Sabemos que boa parte do alarde se assenta na legítima preocupação com a corrupção. Um fenômeno tão antigo quanto a crise. Tema de autores romanos, antes de Cristo – como Cícero, crítico implacável de Marco Antônio. Ainda que se possa estabelecer relação entre as duas dimensões da vida humana, valores e corrupção não possuem conexão clara ou evidente de causa e efeito.

Corrupção é um fenômeno difícil de medir e é impossível afirmar com segurança que aumentou nos últimos anos. Afirmações que sugerem que vivemos um agravamento de uma suposta crise moral, em função do aumento dos escândalos de corrupção não estão considerando o fato insofismável de que o que assistimos é o aumento da visibilidade pública desses casos.

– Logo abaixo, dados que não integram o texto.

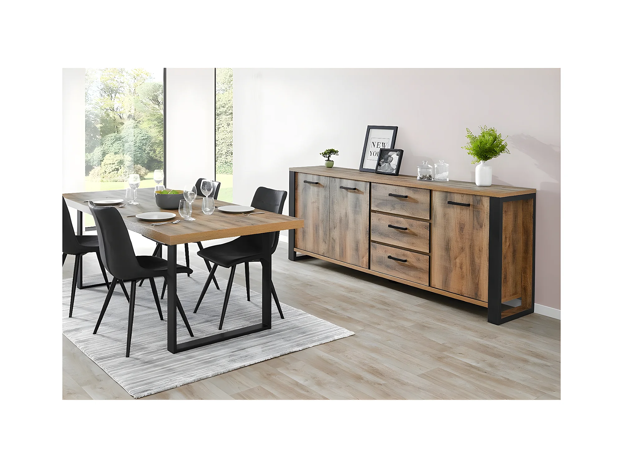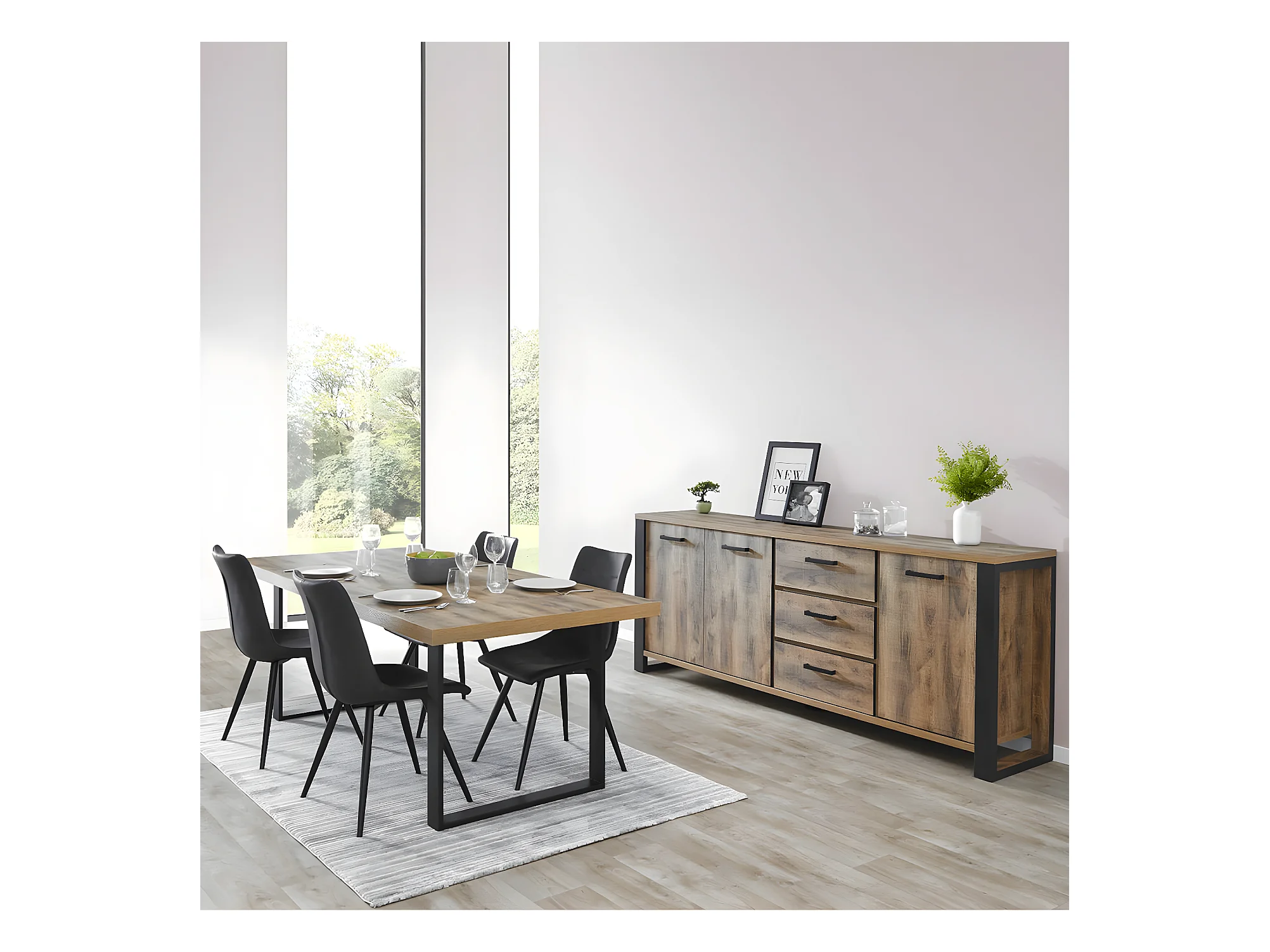 KORA - Ensemble Table 200cm + Buffet 3 Portes 3 Tiroirs
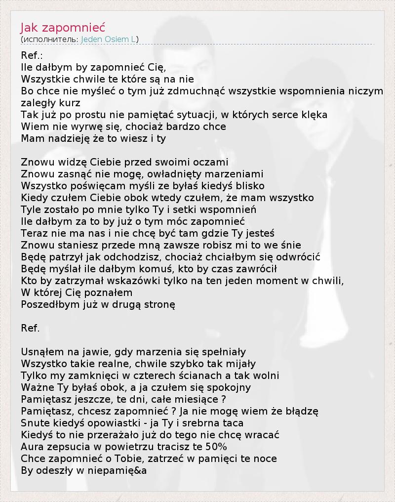 А как ты думаешь, о чем песня "Jak zapomnieć" ?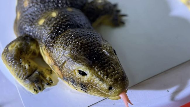 Tampilan biawak air juga dihadirkan lewat warna kuning kehitaman, serta ciri khas buntut belang. Tak ketinggalan, lidah terbelah yang menjulur dari reptil ini.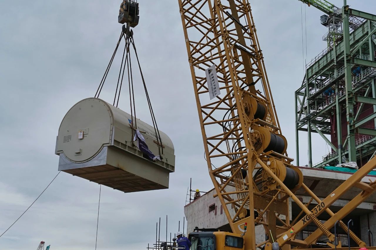 达来甘项目汽轮发电机由电机公司生产,定子长5.803m、宽4.16m、高3.743m,运输重量达141t,是达来甘项目最重的单体设备。为确保吊装任务安全顺利完成,达来甘项目团队在吊装前组织设备厂家、施工单位对吊装工序中的每一处细节进行反复论证、推演,不断优化吊装方案,监督施工单位做好吊装前安全、技术交底。吊装过程中,各专业分工明确、配合紧密,技术人员、安全人员全程监护,作业人员严格执行吊装方案,落实各项安全技术措施。整个吊装过程指挥有序、操作流畅、安全平稳,吊装作业圆满完成。

Maior visibilidade pública significa que as instituições responsáveis pela “vigilância” estão funcionando. Polícia Federal, Ministério Público, imprensa, entre outros, cumprem, ainda que com excessos aqui e ali, seus papéis em uma democracia. Mesmo o Parlamento, ainda que não sacie nossas altas expectativas reprimidas por “justiça”, cassou recentemente o segundo homem mais poderoso da República e um dos parlamentares mais influentes da casa. Nossa sede de “justiça” não pode nos cegar. Por hipótese, se o Supremo Tribunal Federal vier a absolver algum dos parlamentares cassados pelo Legislativo significará que a instituição não funciona? Se assim for, não precisamos do Supremo Tribunal de Justiça, o julgamento está feito e pronto.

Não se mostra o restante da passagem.